Profit Increase: Nedbank’s profit rose by nearly 10%, benefitting from higher interest rates.
- Bad Loans Rise: Despite the profit increase, there was a notable rise in bad loans within the banking group.
- Financial Performance: The bank’s profit for the six months ending June grew by 9% to R8.1 billion.
- Headline Earnings: Headline earnings per share (Heps), a key profit measure in South Africa, increased by 11% to 1,525c.
- Credit Loss Ratio: The credit loss ratio, a measure of bad loans, increased by 36 basis points to 121, surpassing the bank’s target range.
- Factors Impacting Bad Loans: Higher interest rates, increased inflation in food and energy, and frequent load-shedding adversely affected clients, particularly in retail and business banking.
- Impairment Charge: The increase in bad loans led to a 57% rise in the group’s impairment charge, reaching R5.3 billion.

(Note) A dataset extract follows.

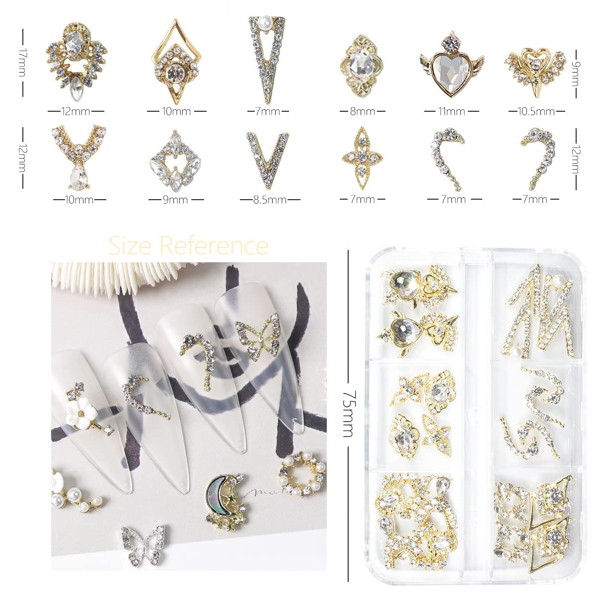 - ❤【12 Different Delicate Luxury Style Design】The gold luxury nail art supplies are designed with heart, sceptre, triangle, V-Shape, Necklace and other different shapes, inlaid with pearls, diamonds and rhinestones, looks luxurious and shiny. These nail art decoration can make your nails very elegant. The big nail charm stones will look perfect with other nail art design items, just go and show your imagination. You can combine some other qiipii rhinestones to DIY design.
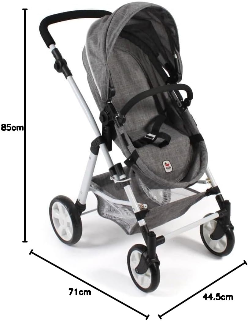 Carrozzina per bambole combinata con molte pratiche funzioni e telaio elegante La maniglia è regolabile in altezza da 45 a 84 cm e si adatta così all'altezza del bambino Il passeggino sportivo è dotato di una cintura di sicurezza a 3 punti e può essere utilizzato sia in direzione di marcia che di fronte alla mamma delle bambole Il seggiolino sportivo ha una staffa di sicurezza e può essere trasformato con pochi gesti in vasca da bagno con superficie piana. La copertura della navicella funge anche da copertura antivento per il seggiolino sportivo Adatto per bambole fino a 50 cm. Dimensioni: 71 x 44,5 x 85 cm, dimensioni da chiuso: 67 x 44,5 x 25 cm, peso: 4,2 kg

- Revenue Growth: Revenue experienced a 13% growth, reaching R33.7 billion.
- Dividend Increase: The bank’s interim dividend per share rose by 11.2% to 871c.
- Challenging Economic Environment: Nedbank foresees a challenging economic environment due to power cuts, consumer pressure from high inflation and interest rates, logistical constraints, and other factors impacting the domestic economic outlook.